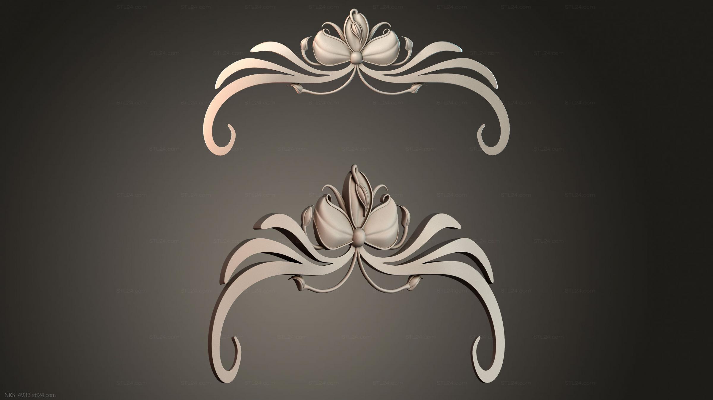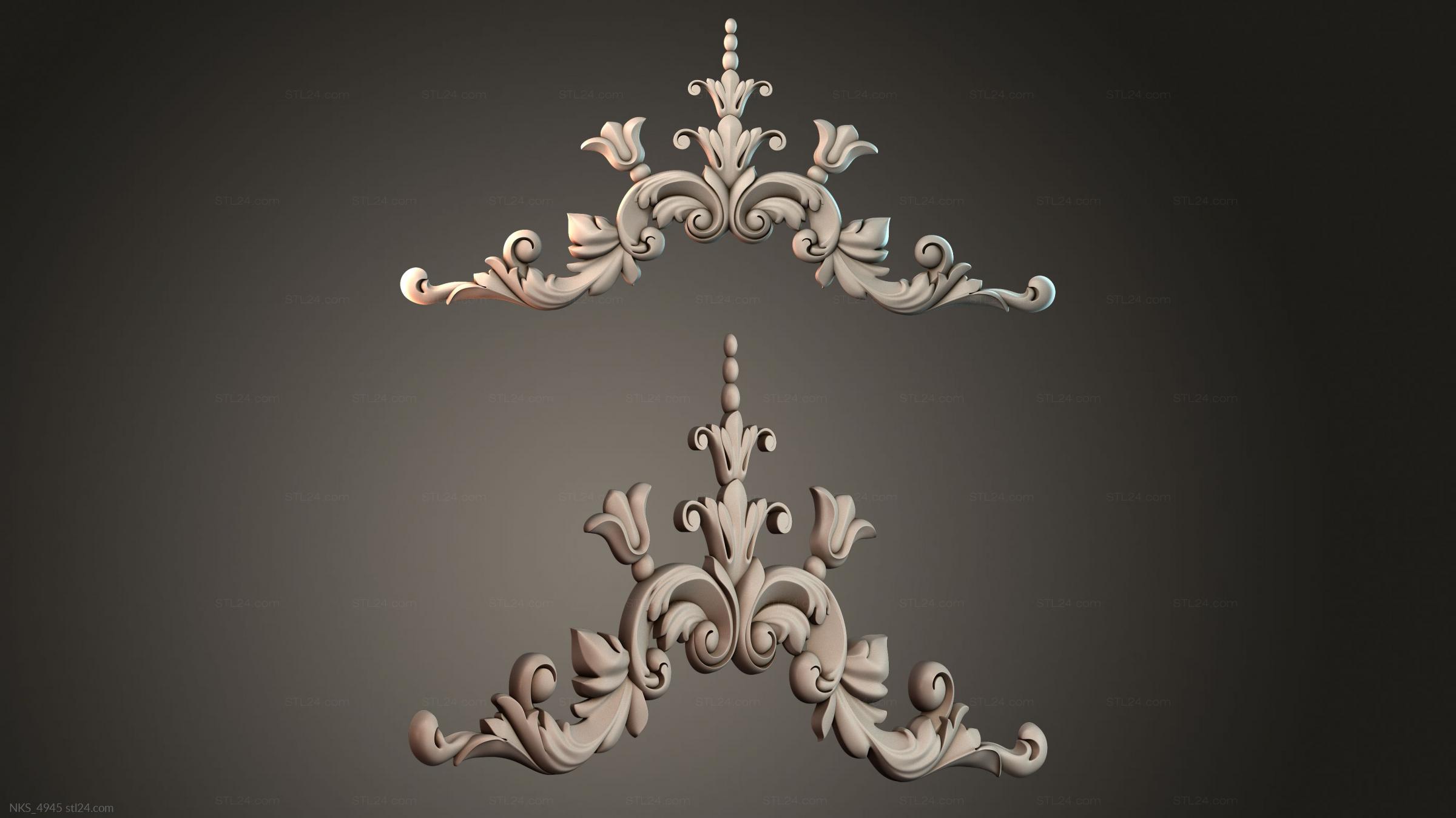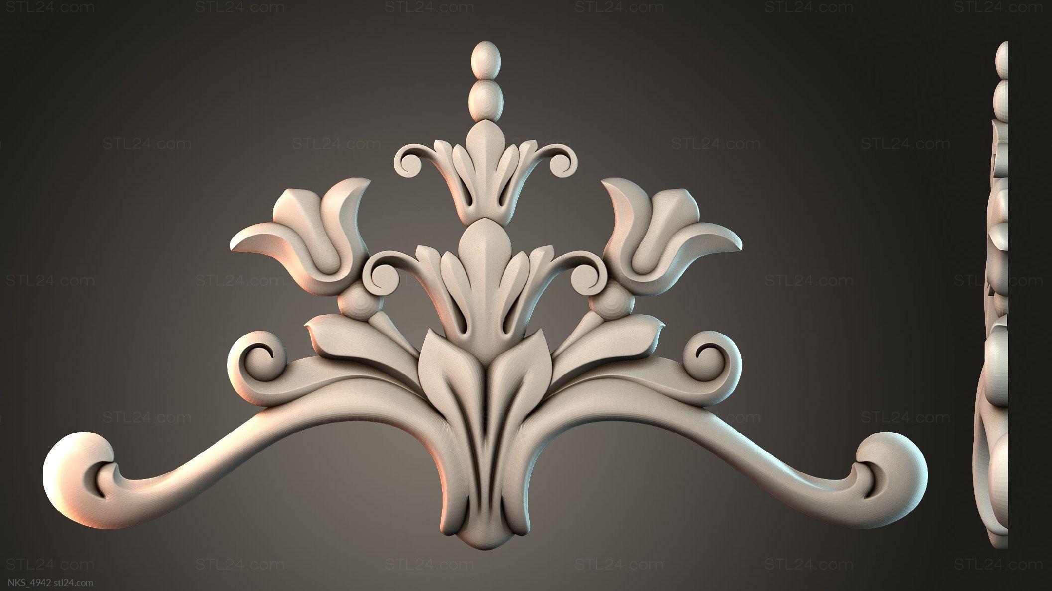 There’s also a section with asymmetrical onlays. Perhaps the decor you need is presented there. See the page. Another section contains 3D models of central onlays. Read about all sections in one article: overview of 3D models of carved onlay elements.
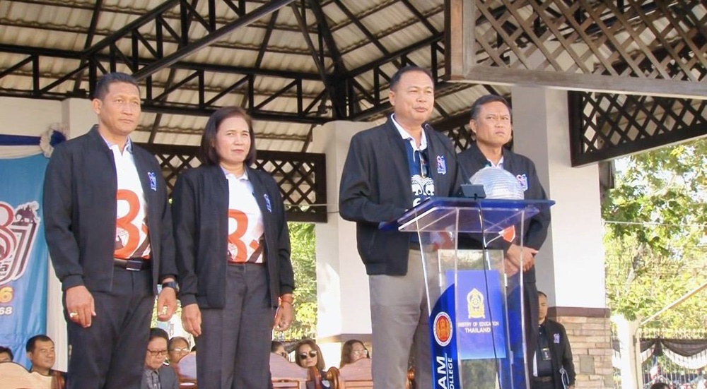 วันที่ 25 ธ.ค. 68 ที่สนามกีฬาวิทยาลัยเทคนิคบุรีรัมย์ บรรยากาศการแข่งขันกีฬาสีภายในประเพณี “อินทนิลเกมส์” ครั้งที่ 87 ประจำปีการศึกษา 2568 เป็นไปอย่างคึกคัก มีนักเรียนนักศึกษาเข้าร่วมกิจกรรมกว่าพันคน โดยนอกจากริ้วขบวนพาเหรดที่สวยงามและการรณรงค์ต้านยาเสพติดแล้ว ไฮไลต์สำคัญที่ทำให้คนทั้งสนามต้องตะลึงคือการโชว์ศักยภาพของ "กำลังพลสำรอง"
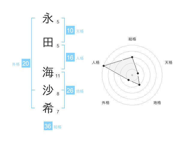 永田 海沙希さんの人格は16画の5点!
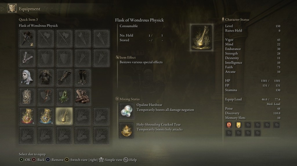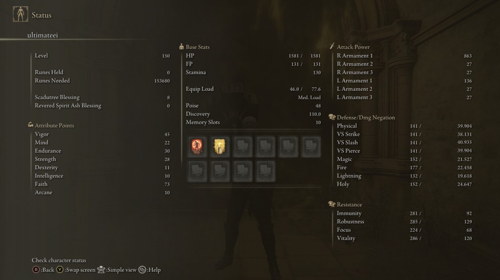 | Status Level 150 | Vigor: 45 Mind: 22 Endurance: 30 Strength: 28 Dexterity: 11 Intelligence: 10 Faith: 73 Arcane: 10 | |
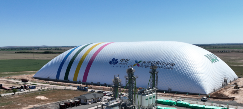 农做物耕种收分析机械化率跨越75%。中国中化正在阿鲁科尔沁旗扶植MAP办事核心和现代农业财产园区 中国中化供图
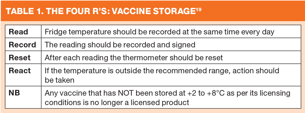 The administration of vaccines to both adults and children is an important part of the practice nurse role. The ‘cold chain’ is the term applied to the process used to maintain optimal conditions during the transport, storage, and handling of vaccines, and begins at the manufacturing stage and ends with the administration of the vaccine to the client. The fridge used for storage of vaccines should be a validated vaccine fridge. Those used for domestic food storage are unsuitable. The optimum temperature for refrigerated vaccines is between +2°C and +8°C and for vaccines to be effective, they must be stored within this temperature range to ensure that they retain their potency. Maintenance to ensure the fridge is working effectively should include making sure the fridge is clean, and there should also be a contract in place to cover servicing and calibration of the temperature gauge. The fridge temperature should also be checked and recorded daily. A protocol for recommended practice for temperature monitoring is shown in Table 1. All vaccine fridges should be subject to annual inspection/servicing and service logs maintained.6

☆ ☆ ☆ ☆

__Work to be completed__: An exact copy of the entries above is required; pictures are not part of it.

__Task answer__:
 There’s also a section with asymmetrical onlays. Perhaps the decor you need is presented there. See the page. Another section contains 3D models of central onlays. Read about all sections in one article: overview of 3D models of carved onlay elements.
 วันที่ 25 ธ.ค. 68 ที่สนามกีฬาวิทยาลัยเทคนิคบุรีรัมย์ บรรยากาศการแข่งขันกีฬาสีภายในประเพณี “อินทนิลเกมส์” ครั้งที่ 87 ประจำปีการศึกษา 2568 เป็นไปอย่างคึกคัก มีนักเรียนนักศึกษาเข้าร่วมกิจกรรมกว่าพันคน โดยนอกจากริ้วขบวนพาเหรดที่สวยงามและการรณรงค์ต้านยาเสพติดแล้ว ไฮไลต์สำคัญที่ทำให้คนทั้งสนามต้องตะลึงคือการโชว์ศักยภาพของ "กำลังพลสำรอง"
 永田 海沙希さんの人格は16画の5点!
 | Status Level 150 | Vigor: 45 Mind: 22 Endurance: 30 Strength: 28 Dexterity: 11 Intelligence: 10 Faith: 73 Arcane: 10 | |
 农做物耕种收分析机械化率跨越75%。中国中化正在阿鲁科尔沁旗扶植MAP办事核心和现代农业财产园区 中国中化供图
 The administration of vaccines to both adults and children is an important part of the practice nurse role. The ‘cold chain’ is the term applied to the process used to maintain optimal conditions during the transport, storage, and handling of vaccines, and begins at the manufacturing stage and ends with the administration of the vaccine to the client. The fridge used for storage of vaccines should be a validated vaccine fridge. Those used for domestic food storage are unsuitable. The optimum temperature for refrigerated vaccines is between +2°C and +8°C and for vaccines to be effective, they must be stored within this temperature range to ensure that they retain their potency. Maintenance to ensure the fridge is working effectively should include making sure the fridge is clean, and there should also be a contract in place to cover servicing and calibration of the temperature gauge. The fridge temperature should also be checked and recorded daily. A protocol for recommended practice for temperature monitoring is shown in Table 1. All vaccine fridges should be subject to annual inspection/servicing and service logs maintained.6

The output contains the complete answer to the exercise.